**Work to complete**
Below are some entries; reproduce them exactly and leave every picture out.

(Given records Opens)

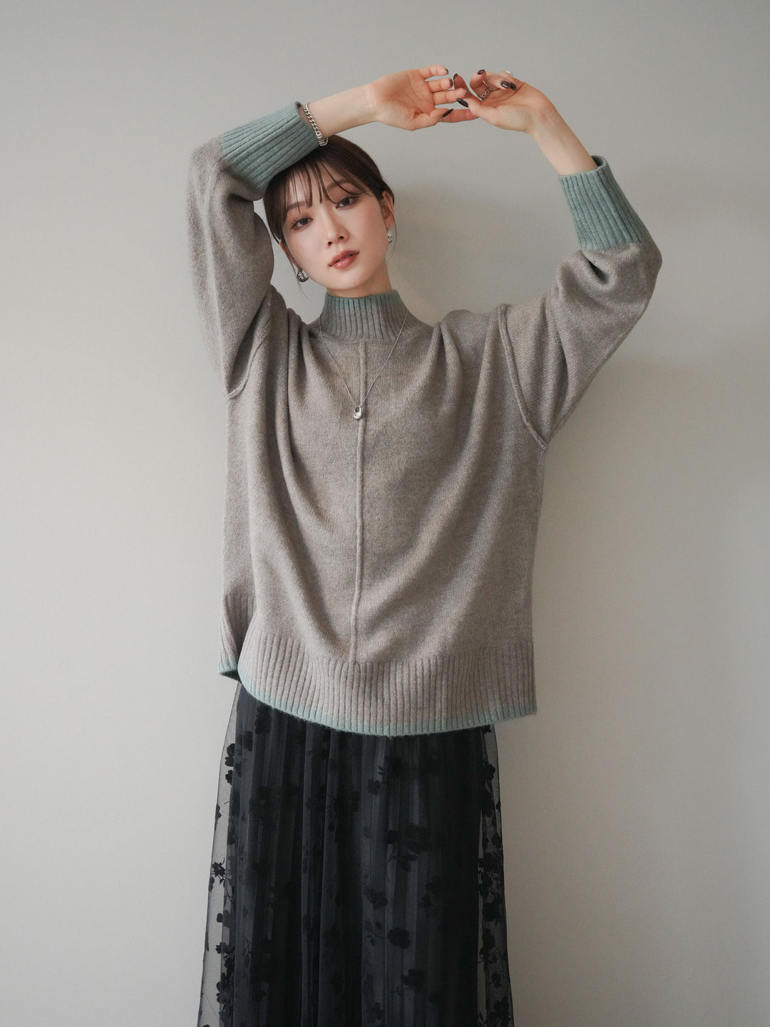 [予約]配色ハイネックニットプルオーバー/mosugraymint
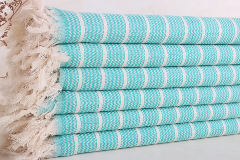 Toalla de playa con monograma de algodón turco, rayas verdes, 40 x 71 pulgadas
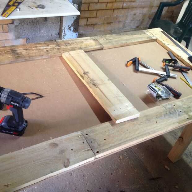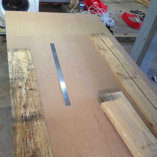 1. tomar ya sea el desarmado de pallets (desmontados antes de este paso:-)) o su acción terminó longitudes de madera de 100 mm de ancho y colócalas alrededor del borde externo del tablero MDF. Como se muestra en las imágenes.
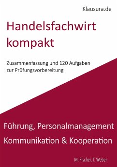 Dieses Buch wurde von erfahrenen Dozenten zusammengestellt, die über viele Jahre Erfahrung in der Ausbildung und Prüfungsvorbereitung zum Geprüften Handelsfachwirt IHK verfügen. Die hier erstellte Zusammenfassung und die anschließenden Aufgaben werden von den Dozenten auch in ihren Unterrichtseinheiten verwendet und bilden somit eine fundamentale Grundlage für Ihre persönliche Prüfungsvorbereitung. Anhand des Rahmenstoffplans des DIHK werden die einzelnen Kapitel nach Schwerpunkten zusammengefasst und am Ende des Buches mit zahlreichen, klausurrelevanten Aufgaben, inklusive Lösungen, ergänzt. Es soll Ihnen helfen sich kompakt mit den Schwerpunkten des Faches "Führung, Personalmanagement, Kommunikation & Kooperation" auseinanderzusetzen und mit dem Lösen der Aufgaben Sicherheit zu erlangen. Weitere Unterlagen zur Prüfungsvorbereitung, in Form von Aufgaben und Zusammenfassungen finden Sie unter klausura.de. Wir wünschen Ihnen viel Spaß beim Lösen der Aufgaben und viel Erfolg bei der anstehenden Prüfung
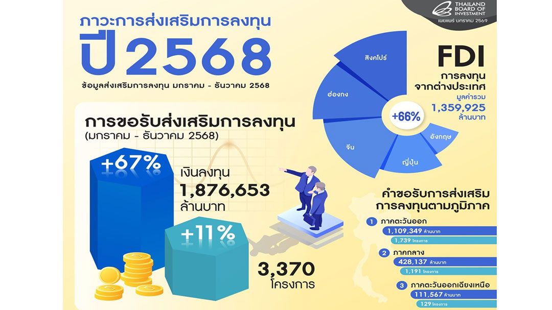 นายนฤตม์ เทอดสถีรศักดิ์ เลขาธิการคณะกรรมการส่งเสริมการลงทุน (บีโอไอ) เปิดเผยว่า คำขอรับการส่งเสริมการลงทุนในปี 2568 เพิ่มขึ้นอย่างมีนัยสำคัญ ทั้งจำนวนโครงการและเงินลงทุน โดยมีจำนวน 3,370 โครงการ เพิ่มขึ้น 11% และมีเงินลงทุน 1,876,653 ล้านบาท เพิ่มขึ้นถึง 67% นับเป็นยอดเงินลงทุนและจำนวนโครงการ ที่ยื่นขอรับการส่งเสริมที่สูงสุดนับตั้งแต่ก่อตั้งบีโอไอ สะท้อนถึงความเชื่อมั่นของนักลงทุนต่อศักยภาพและความพร้อมของประเทศไทยในการรองรับการลงทุน โดยเฉพาะอุตสาหกรรมใหม่ที่ใช้เทคโนโลยีขั้นสูงและอุตสาหกรรมสีเขียวที่จะนำไปสู่การพัฒนาที่ยั่งยืน โดยนักลงทุนมองว่าประเทศไทยมีปัจจัยพื้นฐานที่แข็งแกร่ง เหมาะสมกับการลงทุนระยะยาว และตอบโจทย์การลงทุนในโลกยุคใหม่ ไม่ว่าจะเป็นโครงสร้างพื้นฐานและระบบโลจิสติกส์ ศักยภาพด้านพลังงานสะอาด บุคลากรที่มีคุณภาพ ซัพพลายเชนที่ครบวงจร นโยบายส่งเสริมการลงทุนที่ชัดเจนและต่อเนื่อง การอำนวยความสะดวกด้านการลงทุน รวมทั้งจุดยืนของประเทศไทยในเวทีโลกที่พยายามรักษาความเป็นกลางและความสัมพันธ์ที่ดีกับนานาประเทศ ทำให้สามารถค้าขายกับตลาดต่าง ๆ ทั่วโลก

(Given records Closes)

**Output of the task**
 [予約]配色ハイネックニットプルオーバー/mosugraymint
 Toalla de playa con monograma de algodón turco, rayas verdes, 40 x 71 pulgadas
 1. tomar ya sea el desarmado de pallets (desmontados antes de este paso:-)) o su acción terminó longitudes de madera de 100 mm de ancho y colócalas alrededor del borde externo del tablero MDF. Como se muestra en las imágenes.
 Dieses Buch wurde von erfahrenen Dozenten zusammengestellt, die über viele Jahre Erfahrung in der Ausbildung und Prüfungsvorbereitung zum Geprüften Handelsfachwirt IHK verfügen. Die hier erstellte Zusammenfassung und die anschließenden Aufgaben werden von den Dozenten auch in ihren Unterrichtseinheiten verwendet und bilden somit eine fundamentale Grundlage für Ihre persönliche Prüfungsvorbereitung. Anhand des Rahmenstoffplans des DIHK werden die einzelnen Kapitel nach Schwerpunkten zusammengefasst und am Ende des Buches mit zahlreichen, klausurrelevanten Aufgaben, inklusive Lösungen, ergänzt. Es soll Ihnen helfen sich kompakt mit den Schwerpunkten des Faches "Führung, Personalmanagement, Kommunikation & Kooperation" auseinanderzusetzen und mit dem Lösen der Aufgaben Sicherheit zu erlangen. Weitere Unterlagen zur Prüfungsvorbereitung, in Form von Aufgaben und Zusammenfassungen finden Sie unter klausura.de. Wir wünschen Ihnen viel Spaß beim Lösen der Aufgaben und viel Erfolg bei der anstehenden Prüfung
 นายนฤตม์ เทอดสถีรศักดิ์ เลขาธิการคณะกรรมการส่งเสริมการลงทุน (บีโอไอ) เปิดเผยว่า คำขอรับการส่งเสริมการลงทุนในปี 2568 เพิ่มขึ้นอย่างมีนัยสำคัญ ทั้งจำนวนโครงการและเงินลงทุน โดยมีจำนวน 3,370 โครงการ เพิ่มขึ้น 11% และมีเงินลงทุน 1,876,653 ล้านบาท เพิ่มขึ้นถึง 67% นับเป็นยอดเงินลงทุนและจำนวนโครงการ ที่ยื่นขอรับการส่งเสริมที่สูงสุดนับตั้งแต่ก่อตั้งบีโอไอ สะท้อนถึงความเชื่อมั่นของนักลงทุนต่อศักยภาพและความพร้อมของประเทศไทยในการรองรับการลงทุน โดยเฉพาะอุตสาหกรรมใหม่ที่ใช้เทคโนโลยีขั้นสูงและอุตสาหกรรมสีเขียวที่จะนำไปสู่การพัฒนาที่ยั่งยืน โดยนักลงทุนมองว่าประเทศไทยมีปัจจัยพื้นฐานที่แข็งแกร่ง เหมาะสมกับการลงทุนระยะยาว และตอบโจทย์การลงทุนในโลกยุคใหม่ ไม่ว่าจะเป็นโครงสร้างพื้นฐานและระบบโลจิสติกส์ ศักยภาพด้านพลังงานสะอาด บุคลากรที่มีคุณภาพ ซัพพลายเชนที่ครบวงจร นโยบายส่งเสริมการลงทุนที่ชัดเจนและต่อเนื่อง การอำนวยความสะดวกด้านการลงทุน รวมทั้งจุดยืนของประเทศไทยในเวทีโลกที่พยายามรักษาความเป็นกลางและความสัมพันธ์ที่ดีกับนานาประเทศ ทำให้สามารถค้าขายกับตลาดต่าง ๆ ทั่วโลก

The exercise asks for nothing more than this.